Introduction to Primary Health Care School (IPHC)
Date: 28 March 2008
Place: West Africa
Language: French
This school is held within an ideal learning environment because we are surrounded by tremendous physical health hazards, which are all too common in the tropics--malaria, water-borne diseases, gastro-intestinal infections, respiratory diseases, skin diseases, malnutrition, to name but a few.

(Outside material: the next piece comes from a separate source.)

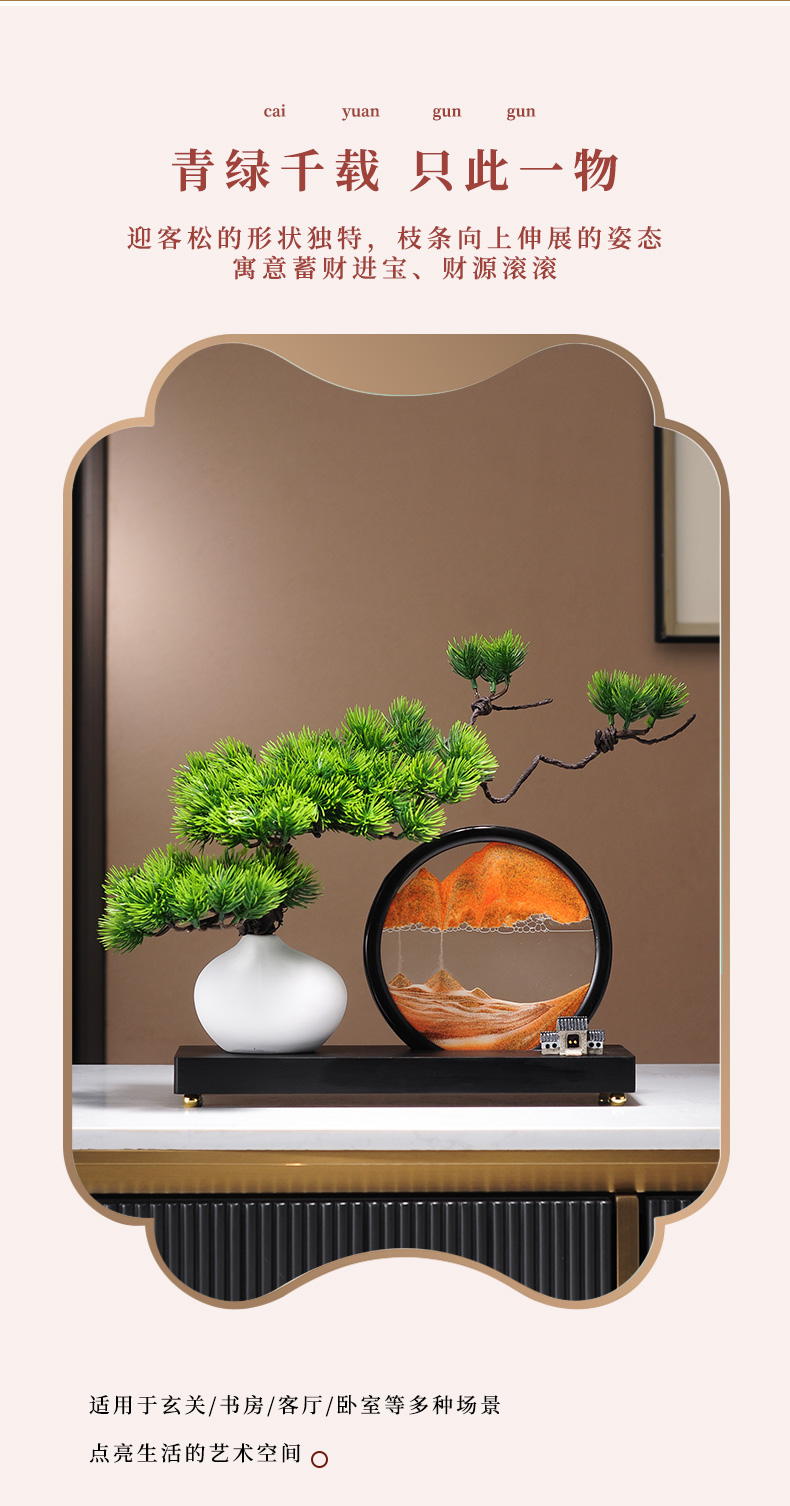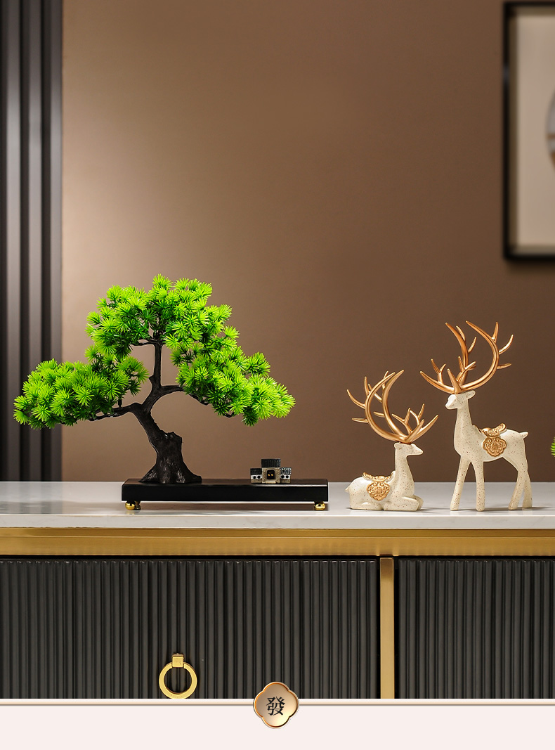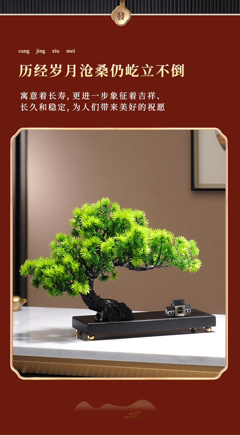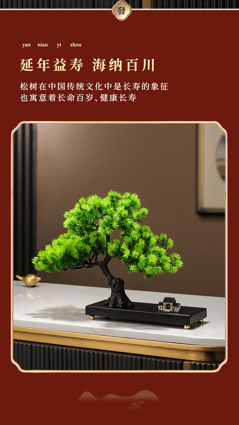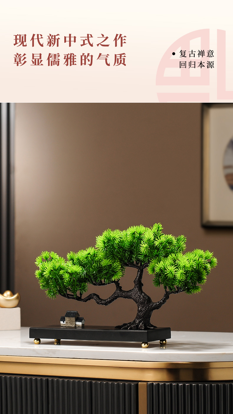 仿真绿植迎客松罗汉松盆景新中式客厅玄关茶几酒柜装饰品禅意摆件

Did you know that all of the above are preventable and easily treated if diagnosed early on?

The school is six months long (three months in the class room and three months field-assignment in villages, hospitals and dispensaries) and addresses the physical, emotional and spiritual needs of the entire person.

The IPHC is ideal for non-medical people as well as nurses and medical professionals who desire to work in developing countries. Succesful completion of the DTS or CDTS is a prerequisite for the IPHC, which is accredited with the University of the Nations.

The school leader, Annette Courvoisier, from Switzerland, a Registered Nurse, has spent almost 40 years in developing countries and was instrumental in setting up primary healthcare work in rural Kenya, Thailand and Senegal. She is the contact person for the faculty for counseling and health care within the University of the Nations.

Lecturers in the school include medical doctors (Dr. Adamson Phiri from Zambia, Dr. Bryan Steele from USA, Josianne Volkmar from Switzerland), nurses and nutritionists. All of them have extensive experience in Africa.